Friendly lo miraba con fastidio casi evidente.

—¿Cómo decía?

Judd se obligó a sonreír, detestándose por hacerlo.

—¿No tienen algún sistema computador central. —Preguntó— donde puedan conseguir los nombres de los pasajeros por medio de…?

—Sólo si se sabe el número del vuelo —dijo el señor Friendly. Se dio vuelta y desapareció.

Judd se quedó junto al mostrador, sintiendo náuseas. Jaque y Jaque mate. Había sido derribado. Ya no había piezas que mover.

Un grupo de sacerdotes ítalianos entró en montón, vestidos de largas sotanas flotantes y anchos sombreros negros, parecían salidos de la Edad Media. Iban cargados con valijas baratas de cartón, cajas y grandes canastas de fruta. Hablaban fuerte en italiano y evidentemente estaban haciéndole bromas al miembro más joven del grupo, un muchacho que no parecía tener más de dieciocho o diecinueve años. Probablemente iban de regreso a Roma luego de unas vacaciones, pensó Judd mientras oía su charla. Roma…, donde Anne estaría pronto… De nuevo Anne.

Los curitas se acercaban al mostrador.

«E molto bene di ritornare a casa».

«Sí, d’accordo».

«Signore, per piacere, guardatemi».

«Tutto va bene?».

«Si, ma…».

«Dio mío, dove sono i miei biglietti».

«Cretino, hai perduto i biglietti».

«Ah, eccoli».

Los curas entregaron sus billetes de vuelo al más joven de ellos, que se dirigió, vergonzoso, a la chica del mostrador.
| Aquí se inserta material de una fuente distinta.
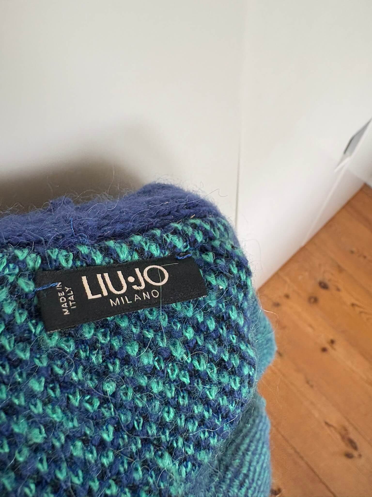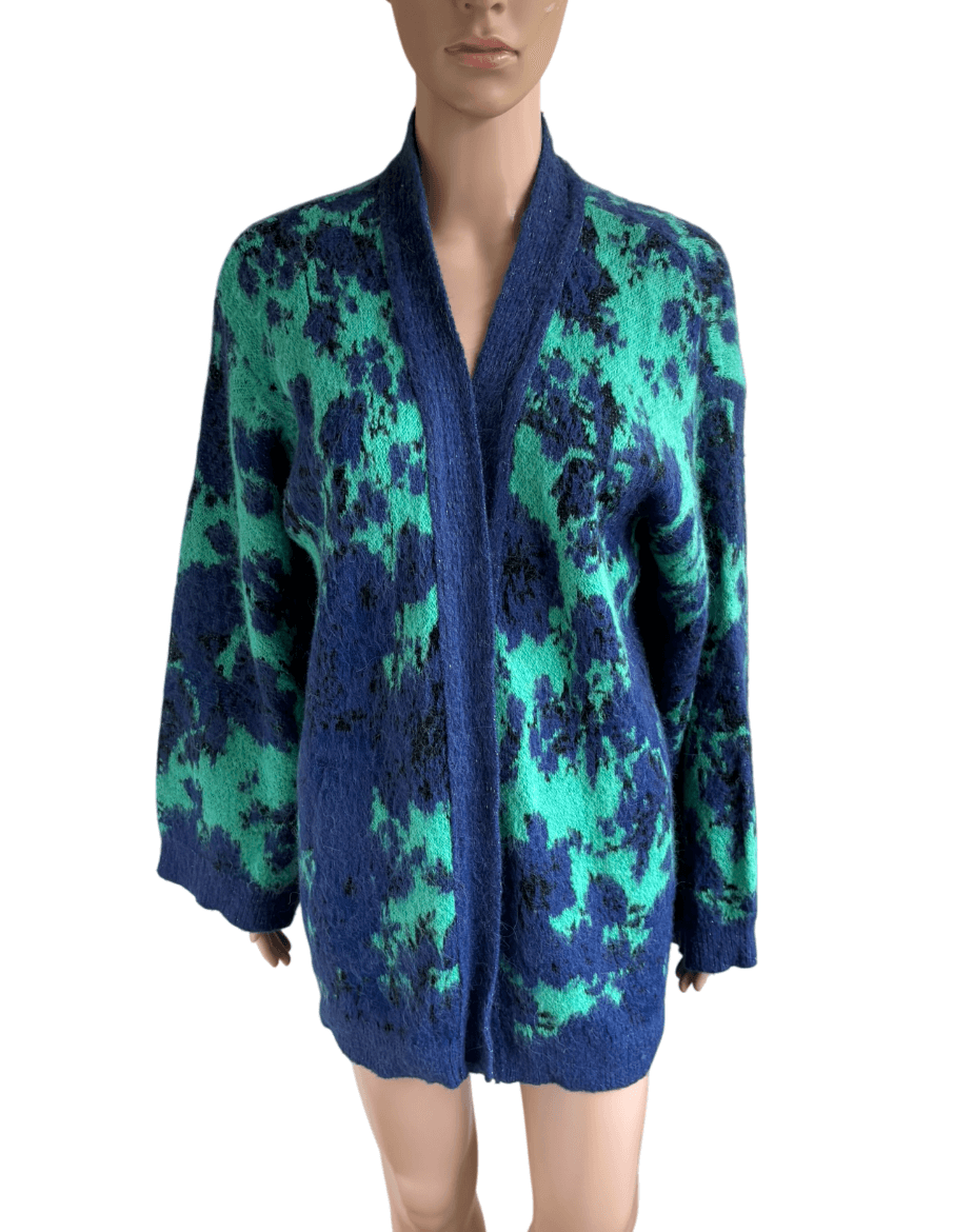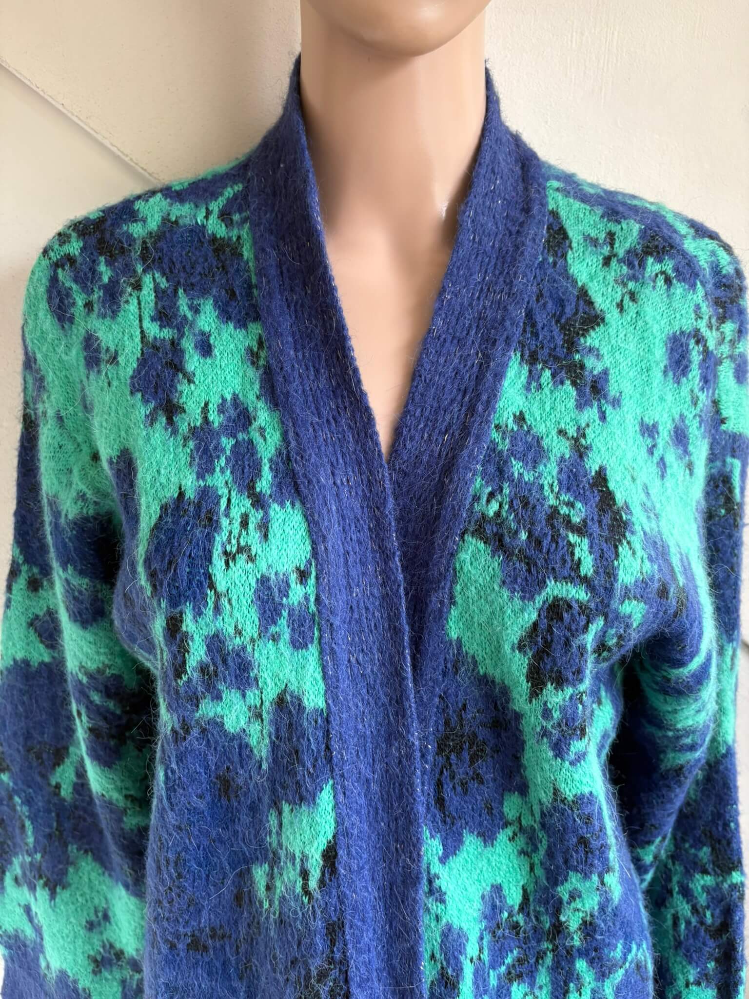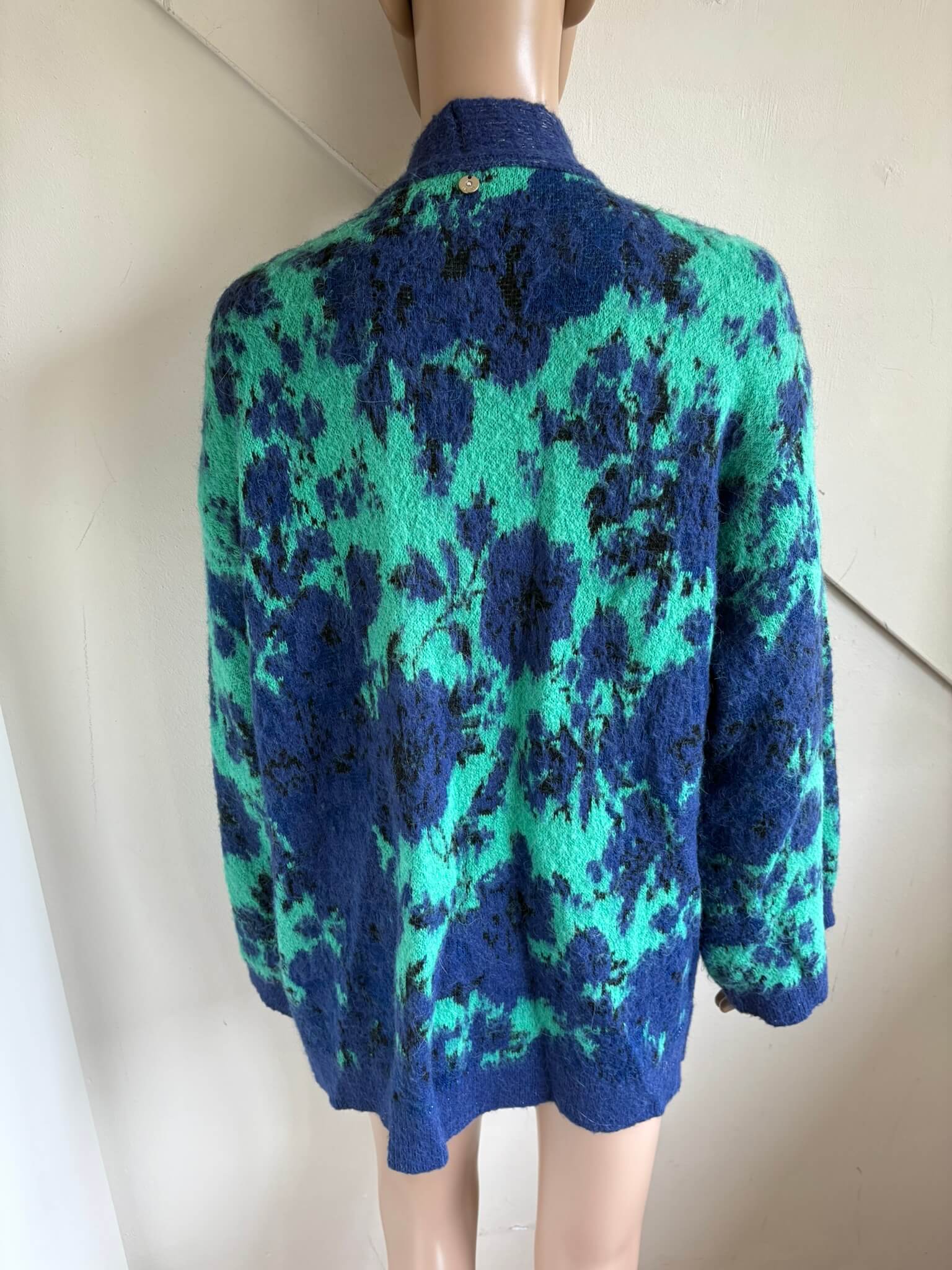 Mooi open vest met een turquoise en blauw motief in de maat S. Valt oversized of ruim, dus een maat 38 of 40 zou ook nog kunnen. Oksellengte is 56 cm en lengte is 72 cm. Gemaakt van polyamide, acryllic, alpaca, polyester en metaal fibre.

Judd miró hacia la salida. Un hombre grandote con sobretodo gris se detenía en la puerta.

El joven sacerdote hablaba a la chica del mostrador. «Disci, disci».

La muchacha lo miró sin expresión. El curita sumó todo su conocimiento del inglés y dijo con mucho cuidado: «Ten. Billetta. Tiquet», y empujó los billetes hacia ella.

La chica sonrió, feliz, y empezó a controlarlos. Los curas rompieron en dichosos gritos de aprobación por la habilidad de su compañero en materia lingüística y le golpearon la espalda.

No tenía sentido quedarse allí más tiempo. Tarde o temprano tendría que hacer frente a lo que fuera a pasar. Judd se volvió lentamente y empezó a tratar de atravesar el grupo de sacerdotes.

«Guardate che ha fatto il Don Vinton».

Judd se paró, con la sangre subiéndole a la cara violentamente. Se dirigió al cura gordito que había hablado y lo tomó del brazo.

—Discúlpeme —dijo con la voz ronca e insegura—. ¿Dijo usted Don Vinton?

El cura lo miró inexpresivo, le dio unos golpecitos en el brazo y empezó a alejarse.

Judd le apretó más el brazo.

—¡Espere! —dijo.

El cura lo miraba nerviosamente. Judd se obligó a hablar tranquilamente.

—Don Vinton. ¿Cuál es? Muéstremelo.

Todos los curas miraban ahora a Judd. El curita miró a sus compañeros. «E un americano matto».

Un parloteo de excitado italiano se elevó del grupo. Con el rabo del ojo, Judd vio que Friendly lo miraba desde atrás del mostrador. Friendly abrió la portezuela del mostrador y empezó a avanzar hacia él. Judd luchó para dominar un pánico creciente. Soltó el brazo del cura, se inclinó hacia él y dijo lenta y claramente «Don Vinton».

El cura bajito miró un momento la cara de Judd y entonces su propia cara demostró diversión. «¡Don Vinton!».

El gerente se iba acercando rápidamente, con aire hostil. Judd hizo un gesto animando al cura a que hablase. El cura indicó al curita joven: «Don Vinton…, “hombre grande”».

Y las piezas del rompecabezas calzaban de pronto.